I preached on Sunday. At 9am I did OK but I have absolutely no recollection of 10:30 worship at all. But there are no rotten tomato stains on my robe so I assume it was comprehensible if not memorable. I bet Luther had days like that....

The 500+ photos are on the computer and I'll start enhancing the blog - let you know when it is Show and Tell ready!

Thursday, August 15, 2013

Teaching chaos

My school has conferences so I was traded to another team for the last day of teaching. I think for athird  round draft choice next week and an undisclosed sum. The director seeing an opportunity for 3 Americans planted up on the playground and bought out classes, 3 rooms with 30 kids each grade, grades 1-6, and we were to "do something in English" for an indeterminate amount of time.  The first group was little kids who liked Old Mac Donald and Hokey Pokey. So the director request we do that for everyone. We made it look perky through about Grade 5 who were twitchy but cooperative. But Grade 6 almost went into open rebellion. By then we were so Hokied and Pokied out we contemplating 99 bottles of beer on the wall.

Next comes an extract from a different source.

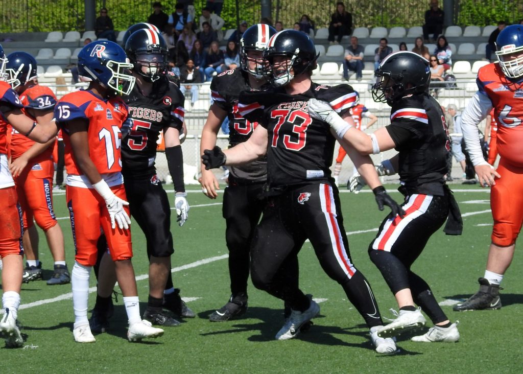 Den svenska defensiva linjen imponerar och ger inte motståndarnas QB någon tid att passa eller running backs någon plats att springa på.

They fed us good - if unclassified - food so we survived.

Toilet Criteria

From most essential to "what we expect at home but are surprised to find" :

1 Lock on door - sometimes door
2 Western not squat - the locals will cue up at the squats and leave the western open
3 Flush toilet, not one you slosh out with bucket of water
4 Spray hose, method of cleaning in lieu of paper
5 Real paper, bonus point if on a covered roll, not sitting on floor
6 Waste basket with lid, no paper ever goes in toilet anywhere
7 Sink
8 Soap, bonus if it is pump liquid and not ancient bar
9 Community Cloth towel, bonus is one with a clean dry spot
10  Paper towel and waste basket

First one in the group announces the rating to general ooooooo's and resigned sighs of the others. Believe me I have been all the way down below number 1 and never passed up an opportunity. Part of the experience.